A woman hauls a crab fishing net in Kep in 2013.
A woman hauls a crab fishing net in Kep in 2013. Pha Lina

Fishery manual to aid export potential

A trade facilitation manual aimed at increasing the size of Cambodia’s seafood products will be ready by April and looks to help producers and exporters improve their export readiness and take advantage of ASEAN integration.

At a workshop held yesterday in the capital, stakeholders discussed the progress of the UNIDO-led project, with the draft manual expected to outline export procedures, customs formalities and the requirements of importing countries, according to Ing Try, deputy director-general of the Fisheries Administration.
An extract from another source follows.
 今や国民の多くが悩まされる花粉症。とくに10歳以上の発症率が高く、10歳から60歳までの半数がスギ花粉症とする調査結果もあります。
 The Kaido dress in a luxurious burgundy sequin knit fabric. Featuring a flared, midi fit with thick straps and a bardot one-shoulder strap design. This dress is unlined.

“The manual will play an important role and it will facilitate investors who plan to invest in the fisheries sector with information to certify their products, food standards and the protection of the environment and natural resources,” Try said.

The project, which was started in 2014 with assistance from the Ministry of Agriculture, Forestry and Fisheries, has a $1.3 million budget and is working with small and medium processors and exporters in the Kingdom’s four coastal provinces.
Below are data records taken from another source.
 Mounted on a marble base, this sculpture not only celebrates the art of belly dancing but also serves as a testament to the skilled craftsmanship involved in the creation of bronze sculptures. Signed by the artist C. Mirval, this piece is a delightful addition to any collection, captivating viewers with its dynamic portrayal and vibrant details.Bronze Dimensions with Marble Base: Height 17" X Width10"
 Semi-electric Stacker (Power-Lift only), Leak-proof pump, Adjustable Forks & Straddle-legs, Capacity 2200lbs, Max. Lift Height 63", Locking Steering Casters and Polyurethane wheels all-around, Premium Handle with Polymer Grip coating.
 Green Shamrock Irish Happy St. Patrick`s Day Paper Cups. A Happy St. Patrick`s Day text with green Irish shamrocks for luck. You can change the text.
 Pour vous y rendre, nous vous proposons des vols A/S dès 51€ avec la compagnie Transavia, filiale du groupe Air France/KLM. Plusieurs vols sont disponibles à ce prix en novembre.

Shetty Seetharama Thombathu, the chief technical adviser for the project, said currently most exports were processed by small- to medium-sized businesses who have limited knowledge of export procedures and requirements.

“Most fish processors are trading informally to neighbouring countries without record, so the manual will provide them with formal export guidelines,” Thombathu said.
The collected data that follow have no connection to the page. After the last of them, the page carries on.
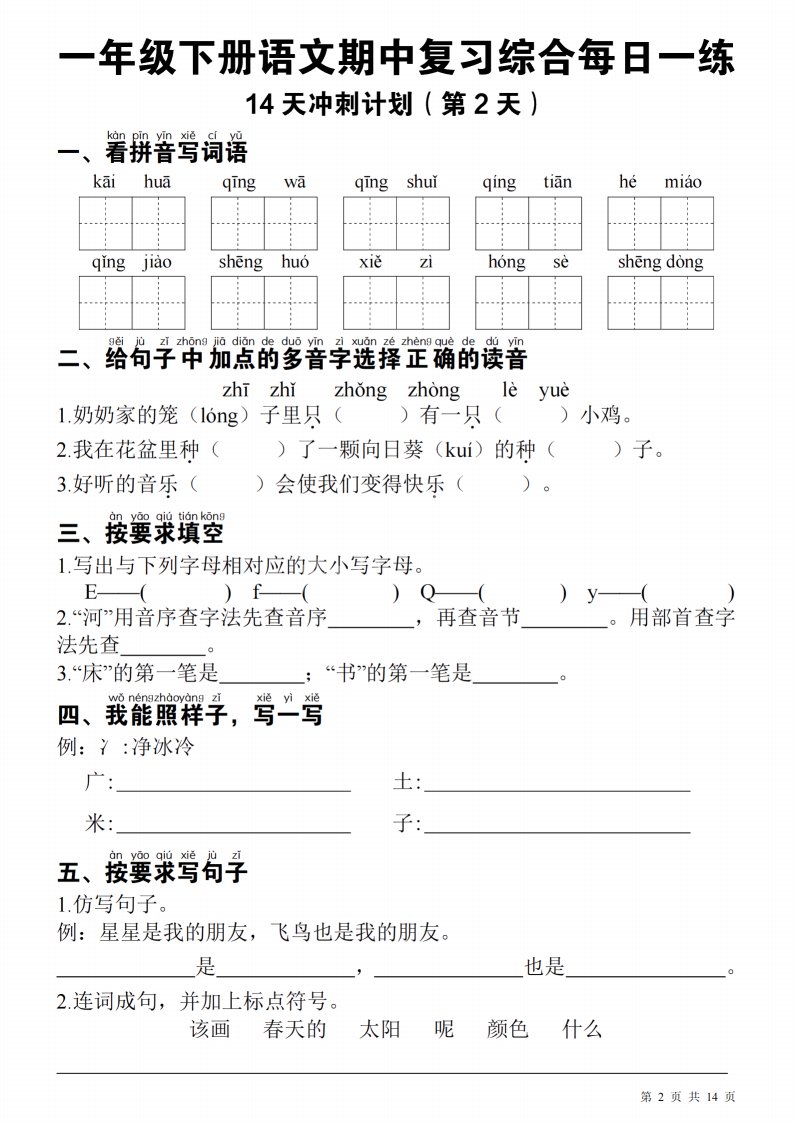 当前位置: 首页小学资源小学一年级正文 一下语文期中每日一练_共23页 小学一年级 2 周前 0 0 15 以上为部分内容预览,如需源文档请登录您的会员账号进行下载! 声明:本站所有文章,如无特殊说明或标注,均为本站原创发布。任何个人或组织,在未征得本站同意时,禁止复制、盗用、采集、发布本站内容到任何网站、书籍等各类媒体平台。如若本站内容侵犯了原著者的合法权益,可联系我们进行处理。 尚学资源永久会员 打赏 收藏 海报 链接
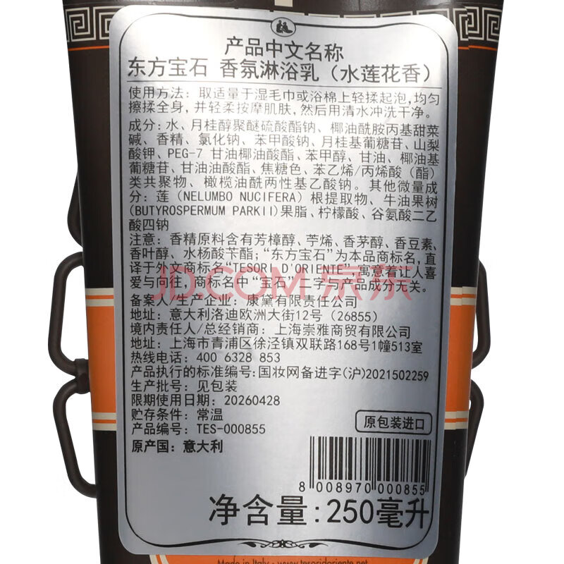 商品相册:东方宝石香氛淋浴乳250ml意大利进口沐浴露持久留香水润嫩肤男女通用便携第
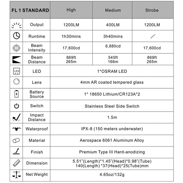 High (1200 lm): 1 hour 30 minutes - range 265 meters

According to Thombathu, once a constructive environment for interaction between the public sector and fisheries stakeholders is created it will tackle issues of competitiveness and productivity.

“It will build the capacity of processors, traders and cooperatives to comply with the quality and safety requirements of the domestic market and importing countries,” he said.

Coastal fish yields dipped 5 per cent in 2015 to 46,830 tonnes, down from 2014’s 49,250 tonnes, due to fishermen turning to other forms of employment and habitat degradation.